Legal Aspects of Extracting Employee Information

Legal Aspects of Extracting Employee Information

Most of the employers around all over the world collect a considerable amount of personal information about their employees. Employers use their employees’ information for various reasons—from assessing interviewees during the selection process to employee benefit to administering payroll and to managing other miscellaneous post-employment benefits.

However, employers must know about their legal obligations of using data which comes under the protection laws and regulations that monitor the use, collection and transfer of personal information. It is important for employers to set parameters and revisit their legal obligations when it comes to safeguarding the privacy of employee data.

Certainly the significant measure that companies can take is to get a good understanding of their legal limitations. As soon as those obligations are taken care of, companies can then be in a position to audit their procedures and policies, and make required modifications to make sure that employee information is well protected.

Defining Employee Information

While employee information cannot be confined to one simple definition, it mostly comprises of employee photos, addresses, date of birth, medical records and social security numbers. It also contains information about an employee’s financial expectations from the employer, such as perks and other employee benefit plans.

Any information relating to personnel benefit plan must not be used as a source for others’ monetary gain. But before we discuss the extraction and privacy of employee data information, it is unavoidable to not be familiar with the Privacy Act and Data Protection Laws. In America, the laws that revolves around privacy and data protection rely on the privacy act of 1974 which clearly indicates that how government and private companies manage people’s personal information. The company’s legal constraints regarding maintenance of the privacy of employee information is potentially wide-ranging and contain the following:

Publishing Employee’s Personal Cellular Phone Numbers

With roasters and work schedules, if you take help of programs like Excel, you probably write down everyone’s numbers, so that you can contact them when there is something important. But when you public a roaster or work schedule covering sensitive information such as employees’ personal cellular numbers, not work related contacts, and put on the notice board of your workplace, you’re actually inviting trouble by putting your employees at risk along with your company.

Yes, it is quite convenient for a colleague to use the published list to arrange a replacement if someone’s called in sick, but what if the publicly posted information gets into the wrong hands? And as much as you want to think that it is very unlikely to happen, it does happen. Keep in mind that theft of information is becoming common, you may be inviting unwanted trouble by putting your business in a vulnerable position which can lead to a potential lawsuit.

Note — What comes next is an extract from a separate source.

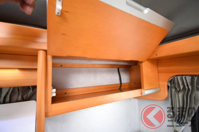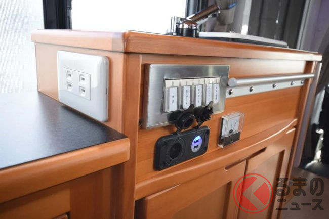 その他装備としては、それぞれ10リッターの容積を持つ給水タンクと排水タンクや105Aのサブバッテリー・走行充電システムを標準で、FFヒーター・1500Wインバーターなどをオプションで付けることができます。

Using Email for Sensitive Conversations

Many companies on a daily basis, for anything and everything communicate through email with their employees. But when you extensively use email for communication purpose, it becomes quite easy to inadvertently forward or copy sensitive information to people who should not be in the loop. This, has a potential, to get you into trouble and can cause serious problems. For conversations on topics like appraisal, performance, bonus, remuneration and professional development, pick your mode of communication with care!

Unsafe Employee Files

For employers, record keeping is considered to be a very simple business requirement. It can be tedious, but certainly not something that you can skip. In Australia, employers are supposed to maintain their employee records for a good 7 years which covers basic details like name, pay rate, joining date, leave entitlements etc. Similarly, in America employers are required to retain payroll tax information records for minimum four years and records for information like workplace injuries for at least 10 years or so.

But instead of keeping highly sensitive employee information in the form of hard copies that are at risk of being compromised, a cloud system allows you to securely yet easily access the information files round the clock with a full audit track.

What Companies Should Do

Companies should take the following measures to narrow illegal disclosure of employee information:

  • Evaluate your internal procedures and practices relating to the protection of delicate employee information and its flow.
  • Try not to use your employee’s social security details as their identification codes.
  • Make sure that your employees’ medical data is kept in separate, protected files. Appoint people within the organization with access to such information, and reassure that only the assigned individuals have access to sensitive files.
  • Take care of documents that contain sensitive data such as, tax forms, wage documents, consumer reports, credit card data, loans and mortgages, I-9 forms and medical test reports. Keep a separate file for this type of information from employees’ files.
  • If private data of employees is maintained in a cloud format, make sure that the information is kept in a protected computer system, give minimum access to such kind of information, and take necessary measures that this data cannot get copied or transferred.
  • Come up with concrete information destruction rules that efficiently prevent unapproved access to private and sensitive information such as burning or shredding of documents, destruction of electronic devices that has data stored in it. Ensure that employee data security and control are mentioned in service contracts communicated with vendors if needed.
  • Hire an attorney, such as Unified Lawyers, or prepare a legal response that can be used in case if there’s a disclosure of personal information or security.
  • Conduct frequent training sessions for all your employees as well as train managers specifically about the importance of abstaining from disclosing or discussing information that could affect their employees’ privacy interests.

Surprisingly, privacy of employee information has become a sensitive issue. Companies from private and government sectors must realize the importance of protection of employee information. As employers emphasize on privacy and confidentiality both externally and internally, all parts of the organization should be called to prove what they are doing to protect employees’ personal information.